I published this note here and not on facebook because it’s very personal in nature. Whereas facebook is a social utility tool, where everyone can see your profile, posts, notes, the goings on in your life, your friends and acquaintances, Seasons, my blog, is my personal niche on the internet. I have no control over what gets published on facebook. Seasons, however, is all about me. I control all the content. I can talk about anything and not have a care in the world who sees. I can go to the most personal, deepest, darkest corners of my being and not feel any awkwardness, as I could in facebook, since the truth of the matter is that only the people who care enough will read my blog and read the entirety of my entries. To those who do read, thank you, and I hope this note sends a truthful message that you can relate to.
Thus, here I am, once again beginning a piece of writing.
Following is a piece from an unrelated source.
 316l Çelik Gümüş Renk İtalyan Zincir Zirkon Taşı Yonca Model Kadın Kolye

I don’t know exactly what it will contain, or how it will end. I don’t know if it will be as formal and speech-like as most of my writings are, or if, finally, I get so engaged in the writing-process that my barriers finally fall off to reveal my rawest emotions. I don’t know. I just hope that it does justice to who I am and what I feel.
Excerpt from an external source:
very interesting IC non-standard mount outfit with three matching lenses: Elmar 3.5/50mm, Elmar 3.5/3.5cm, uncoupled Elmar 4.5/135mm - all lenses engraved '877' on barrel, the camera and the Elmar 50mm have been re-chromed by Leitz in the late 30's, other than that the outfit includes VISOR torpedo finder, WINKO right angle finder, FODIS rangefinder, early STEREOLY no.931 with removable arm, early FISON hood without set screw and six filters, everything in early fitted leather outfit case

As the title suggests, this note will talk about my life in the past, present and future. I know that I will talk about the challenges I’ve encountered, and how they affected the present. I will touch upon how I feel right this minute, but I don’t know to what extent. As with all my notes, I will express my hopes for the future, and where I’d like to be. To note, that place in the future is magnificent and beautiful. I hope to get there. I hope that you, the reader, will be good company as I traverse the steep, winding road of life.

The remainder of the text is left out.